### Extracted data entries
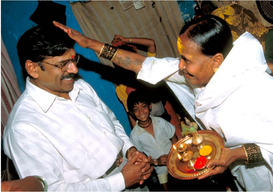
رجل في ممباي يحصل على بركة الهندوس اسمها بويبا . الصراع الديني لا زال يمثل مشكلة في الفدرالية الهندية .

إن النظام الفدرالي في الهند هو أبعد ما يكون عن الكمال. - وفي الواقع، لا يوجد هناك أي نظام فدرالي كامل. وما زالت أحداثاً مفاجئة مثل الاضطرابات الناجمة عن نظام الطبقات، وهدم أماكن العبادة، وعمليات القتل التي تستهدف جماعات إثنية معينة، والحملات الأخيرة في آسام ومهاراشترا ضد الطائفة البيهارية الناطقة باللغة الهندية تشير إلى مشاكل رئيسية لم يتمكن بعد النظام الفدرالي في الهند من حلها.
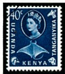
イトマキエイ(マンタ)
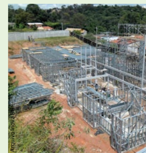
Em alguns meses as escolas ficam prontas para receber os alunos: Infraestrutura de qualidade para lecionar e aprender
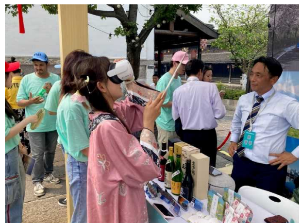
VR ゴーグルの動画で市の紹介
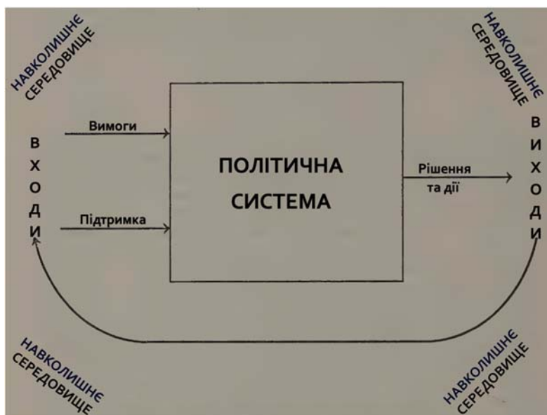
Мал. 1. Спрощена модель політичної системи

Так ми підібралися до визначення політичної системи Девіда Істона, що нині є класичним: «Я стверджував, що для максимальної корисності політична система може бути позначена як всі ті взаємодії, за допомогою яких у суспільстві авторитетно ( authoritatively ) розподіляються цінності» (Easton 1965b). Термін « authoritatively » складно адекватно та однозначно перекласти засобами української мови, адже в англійській він передбачає наявність авторитету, влади, поваги, покори та в цілому є похідним від « authority », що зазвичай означає орган (влади). Візуально, політична система виглядає так (Девід Істон милосердно назвав цю модель спрощеною):
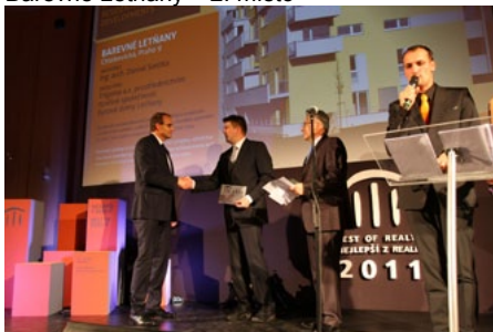
Barevné Letňany – 2. místo
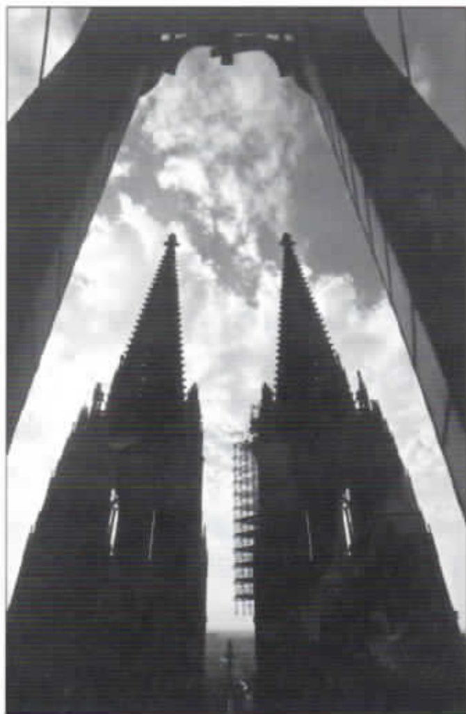
Der Dom – die ewige Baustelle.
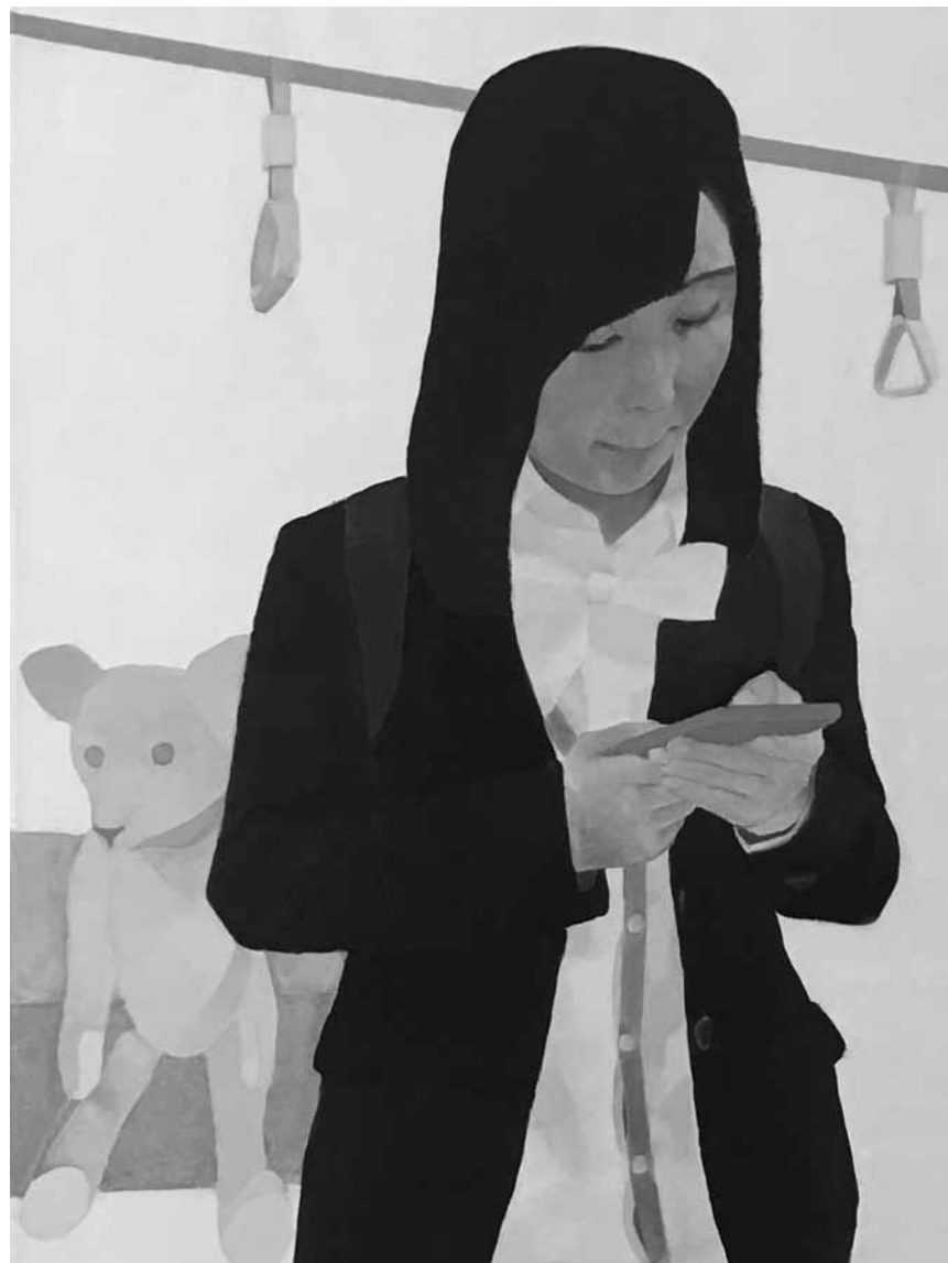
L'absorption du moi : « Me and I », de Nora Juhasz, à partir de ce samedi 28 septembre jusqu'au 16 octobre à la galerie Fellner Louvigny.

Visites guidées sa. 11h (L), 15h (D), 16h (F), di. 11h (GB), 15h (D), 16h (F).

### TASK DIRECTIONS
Every line above that carries the string "політичної" should be copied.

### ANSWER TO THIS EXERCISE
Мал. 1. Спрощена модель політичної системи
Так ми підібралися до визначення політичної системи Девіда Істона, що нині є класичним: «Я стверджував, що для максимальної корисності політична система може бути позначена як всі ті взаємодії, за допомогою яких у суспільстві авторитетно ( authoritatively ) розподіляються цінності» (Easton 1965b). Термін « authoritatively » складно адекватно та однозначно перекласти засобами української мови, адже в англійській він передбачає наявність авторитету, влади, поваги, покори та в цілому є похідним від « authority », що зазвичай означає орган (влади). Візуально, політична система виглядає так (Девід Істон милосердно назвав цю модель спрощеною):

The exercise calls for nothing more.